The Calgary Firefighter’s Association said the safety of river users in the city was impacted when a rescue boat was temporarily taken out of service on Tuesday.
Mike Henson, the association’s president, said the boat services the northwest leg of the Bow River as well as any small lakes with waterfront properties.
Henson said the boat was temporarily removed from service — or browned out — from 7:30 a.m. to 5:30 p.m. on Tuesday.
On social media, the CFA pointed to budget concerns as the reason for pulling the boat from service for the day.
“Water rescue coverage in northwest Calgary is significantly delayed at this time. Due to recent budget cuts, there is a lack of available firefighters and trained aquatics personnel in this area,” a CFA tweet read.

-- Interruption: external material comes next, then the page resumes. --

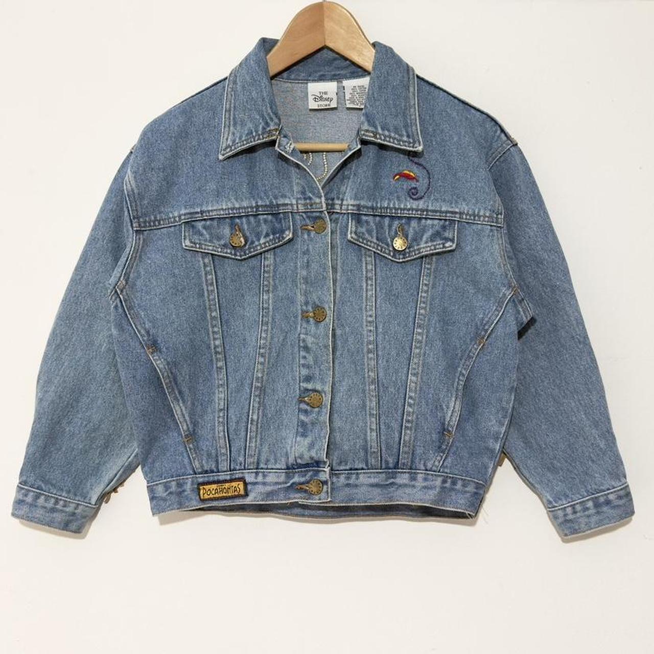 - 90s blue denim jacket by The Disney Store featuring embroidered falling leaf on upper chest, Pocahontas patch on lower front, on back is embroidered Pocahontas and Meeko, with brown tassles on back of sleeves.

Henson said it is extremely rare for the fire department to take this sort of action that directly impacts frontline services.

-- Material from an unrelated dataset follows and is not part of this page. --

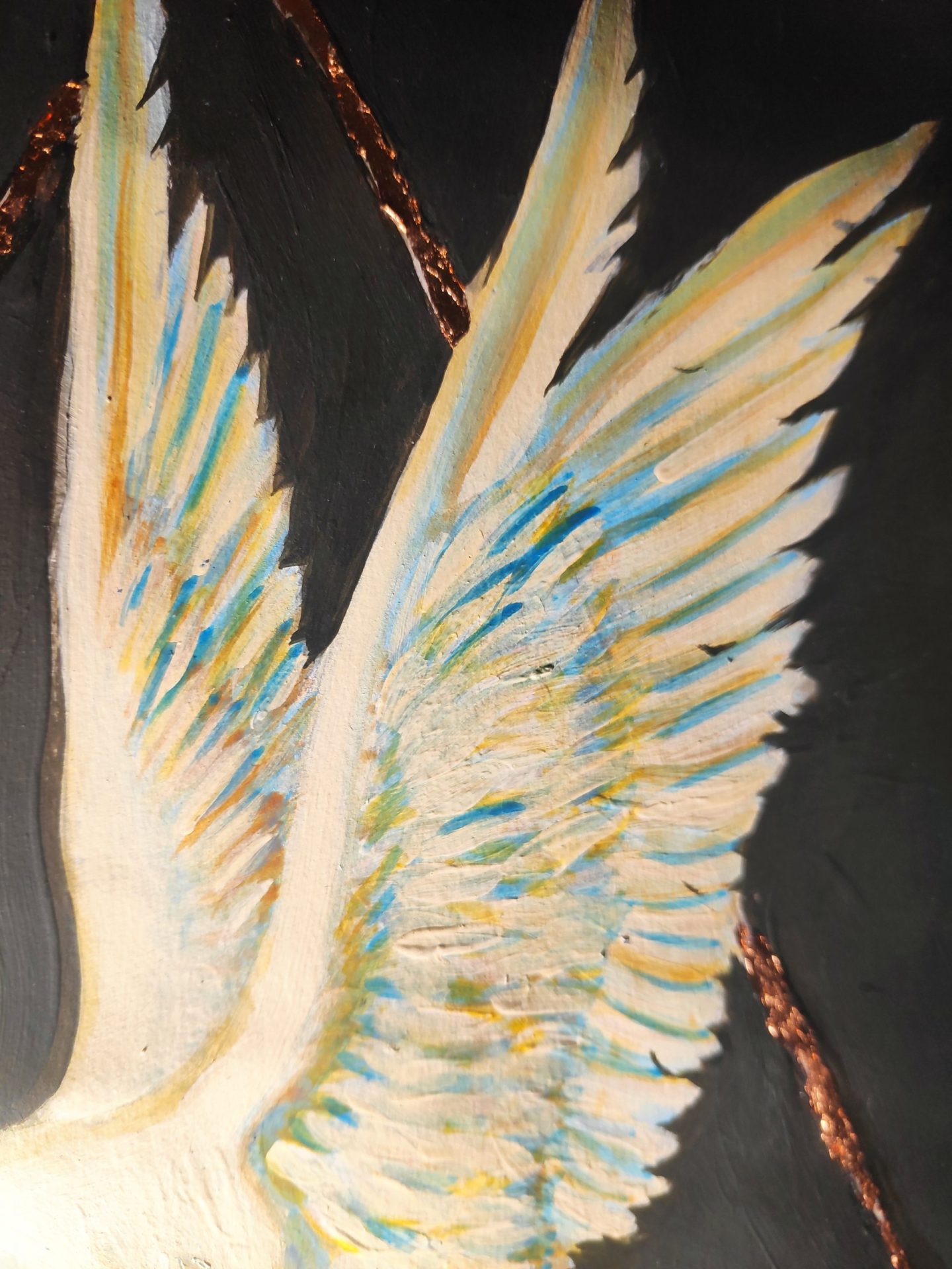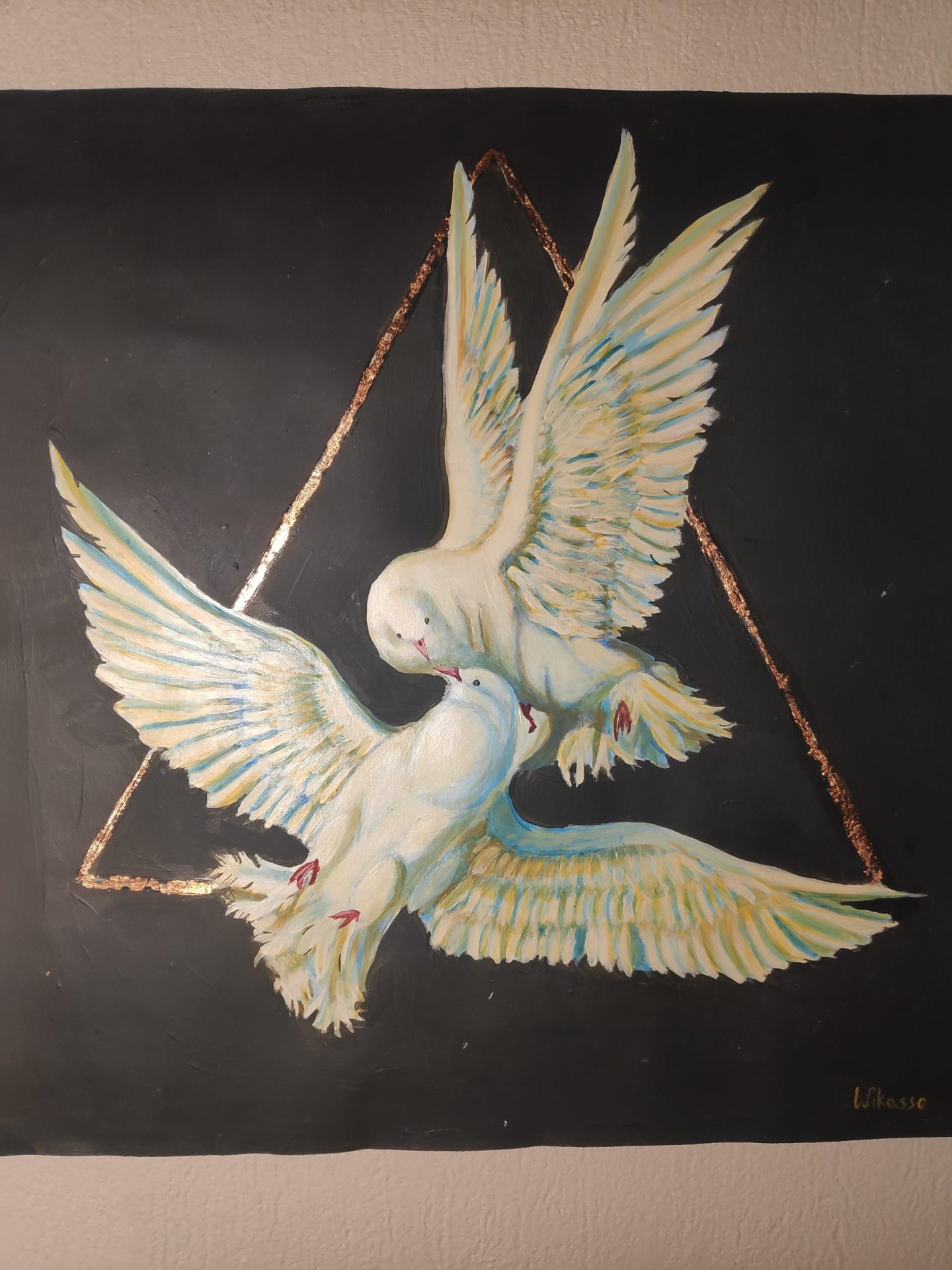Malarstwo akrylowe, papier, abstrakcja, przedstawia dwa gołębie w złotym trójkącie, bez oprawy

“So this is the first time in…15 years that we have browned out any service,” said Hanson.
He said that recent pressure on fire and rescue services to cut costs means more service interruptions could be imminent.
This comes just weeks after CFA said the department has been asked to cut $9 million from its 2019 budget.
“This, I believe, could be the way of the future,” said Hanson. “Because of budgetary concerns and because of constraints, it might be a rotating brownout. It may be rotating between different apparatus or different services.”
Hanson said that if there are more impacts to Calgary Fire Department services, the association will continue to let Calgarians know when and where the brownouts are taking place.
The City of Calgary replied to the CFA post and said while cost concerns are real, the recent weather also had an impact on which piece of equipment was benched.
“Calgary Fire decided to proactively reduce overtime costs and to operate within budget,” a City of Calgary tweet read. “With fewer citizens using Calgary’s waterways due to cooler weekday temperatures, we believe the two remaining boats can provide the necessary rescue response when needed.”
Hanson said there were still two other rescue boats along the river ready to respond if needed, but response times to the northwest would have been 10 to 15 minutes longer than normal.
The rescue boat returned to service Tuesday evening but Hanson said the battalion and deputy fire chiefs will be making decisions on whether or not to brownout any other pieces of equipment on a shift-by-shift basis.